Stephanie Troutman Robbins, Ph.D.

Stephanie Troutman Robbins, Ph.D.

2022 Graduate Teaching and Mentoring Award for Graduate Education
Department Head and Associate Professor, Gender & Women's Studies, and Associate Professor, English
College of Social and Behavioral Sciences
Stephanie Troutman Robbins

Dr. Stephanie Troutman Robbins (she/her) is a Black feminist scholar, mother of three, and first-generation college student. She is the Department Head of Gender & Women’s Studies at the University of Arizona, and she is Associate Professor of Gender and Women’s Studies and English. She is a formally affiliated faculty member in Rhetoric, Composition and the Teaching of English, Africana Studies, the LGBT Institute, Global Studies, and Teaching, Learning &
Sociocultural Studies. She received a dual-PhD in Curriculum & Instruction and Women’s Studies from the Pennsylvania State University in 2011. A former high school and middle grades public school teacher, She is a scholar-activist who has been recognized across a variety of community and campus spaces for her mentorship, student advocacy, and social justice leadership. Her passion is working with marginalized students in the university setting at both the graduate and undergraduate levels. She is the recipient of the UArizona Likins Award, the Student Affairs Faculty Impact Award, the Dr. Maria Teresa Velez Outstanding Mentor Award, and the 2022 Outstanding Graduate Teaching and Mentoring Award. Stephanie is also an alum of the University’s 2017 Academic Leadership Institute cohort.

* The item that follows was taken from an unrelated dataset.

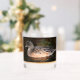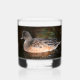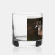 Whiskey Glas, das das Foto einer amerikanischen Wigeon-Ente zeigt, die auf der Oberfläche eines Teiches schwimmt. Auch bekannt als Baldpate. Auf einer Glasseite gedruckte Bilder.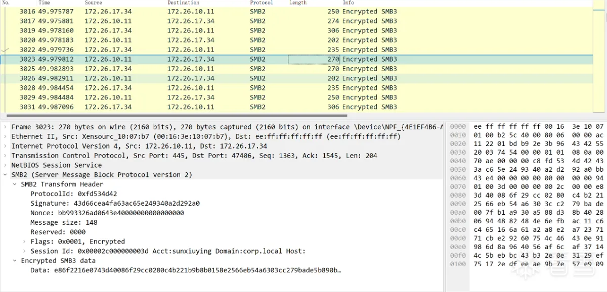 首先得知道什么是UNP名称,其实就是用户名@域名,然后SMB协议(网络文件共享协议)会执行DCSync,这里面在SMB2(SMB2.0)协议里面,得到了Administrater,wangkai,还有sunxiuying,试一下发现是sunxiuying

Dr. Troutman Robbins is the former director of two outreach projects between the University and Tucson schools: Wildcat Writers (2015- 2020) and the Southern Arizona Writing Project (2015-2020.) These partnership programs serve the local community by focusing on Title 1 schools and providing them with opportunities for professional development, academic resources, and programming rooted in diversity, equity, and inclusion through writing.

Her research interests include literacies focused on social justice, feminist pedagogy, critical race theory, film studies, Black feminist theory, schooling, identity/ies and education. She is co-author of the 2018 book, Narratives of Family Assets, Community Gifts, & Cultural Endowments: Re-Imagining the Invisible Knapsack (Lexington Press) and co-editor 2021’s Race & Ethnicity in US Television (ABC-CLIO/Greenwood Press). Her research has been published in the Journal of Girlhood Studies (GHS), the Journal of Race Ethnicity & Education (REE), Meridians: Feminism, Race and Transnationalism, Taboo: the Journal of Culture and Education, and in the Journal of Literacy & Social Responsibility.